Different individuals thrive on different forms of exercise. It can involve a long search to find the sort of exercise that is really right for you. But exercise that you enjoy will help your body release feel-good hormones, called endorphins, which will quickly change your mood if you are feeling anxious or depressed. So try some different forms of exercise to find out what works best for you.
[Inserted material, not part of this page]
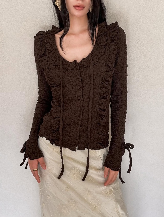 ふわりと軽やかに舞うような、贅沢フリルが主役のロマンティックトップス。 繊細なシャーリングと波打つようなフリルが、立体的で表情豊かなシルエットをつくり出します。 胸元のリボンディテールやスカラップ風のネックラインが、甘さと上品さを絶妙にミックス。 袖口や裾にはリボンがあしらわれ、どの角度から見ても印象的なディテールに。 柔らかく伸びのある素材で着心地も抜群。 デニムでカジュアルダウンしたり、レーススカートでとことんガーリーにも。 1枚でコーディネートの主役になる、ブランドらしさ満点のアイテムです。 バスト 90cm 着丈 47cm 厚み 普通 透け感 なし 伸縮性 あり 裏地 なし ■ 素材/製造国 韓国 ■ お手入れ/取り扱い注意事項 お手入れが簡単な素材を使用しているため、日常使いに便利です。しかし、直射日光を避けることや、水に長時間浸けないことをお勧めいたします。 ■ 発送・注文に関する情報や注意事項 商品の発送は、注文を受けてから迅速に行いますが、2-3週間ほどお時間をいただきます。在庫の状況によってはさらにお時間を要することもございますのであらかじめご了承ください。 ■ その他の情報や注意事項 お客様のご要望にできる限りお応えするよう努めておりますが、商品によっては在庫状況が異なる場合がありますので、あらかじめご了承ください。 ご質問や不明点がございましたら、ぜひショップのお問い合わせよりお気軽にお問い合わせください。あなたの素敵なライフスタイルに、interitasが寄り添えることを心から願っています。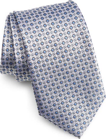 Fashioned from lustrous silk jacquard, this geometric tie brings dapper distinction to formal and semiformal attire.

My favourite forms of exercise are as follows:
The first one is called ‘Chi-gong’ (or Qi Kung), and is a type of T’ai chi. It consists of very simple movements, which you do every day. If you go to China you will see people doing the exercises in the parks, in the early morning. (You can see a demonstration here: # Qigong – Chi Kung – http://www.youtube.com/watch?v=9qQKCB1At3k&feature=related)
The great thing about Chi-gong is its simplicity. No special equipment is needed, and you can quickly feel the benefits to your body. And millions of ordinary Chinese people can’t be wrong! J
My second favourite form of exercise is dancing, and the benefits to the body are very obvious – here’s a picture of Tao Porchon-Lynch. She does ballroom dancing (and entering competitions) along with being a yoga teacher:
By the way, she’s 95, and she’s one of my top role models.
Finally, here is a link to a great book which Jim and I reviewed, called ‘Spark’ about how exercise affects our brains and improves mental performance and stimulates brain growth. www.abc-counselling.com/id373.html
I’ll finish with a quote from Dr John Ratey, who wrote ‘Spark’ with Eric Hagerman:
‘The better your fitness levels, the better your brain works’.
Ratey and Hargerman (2009, page 7)
They also mention that: ‘Population studies which have included tens of thousands of people of every age show that fitness levels relate directly to positive moods and lower levels of anxiety and stress’.
That’s all for now. Happy exercising!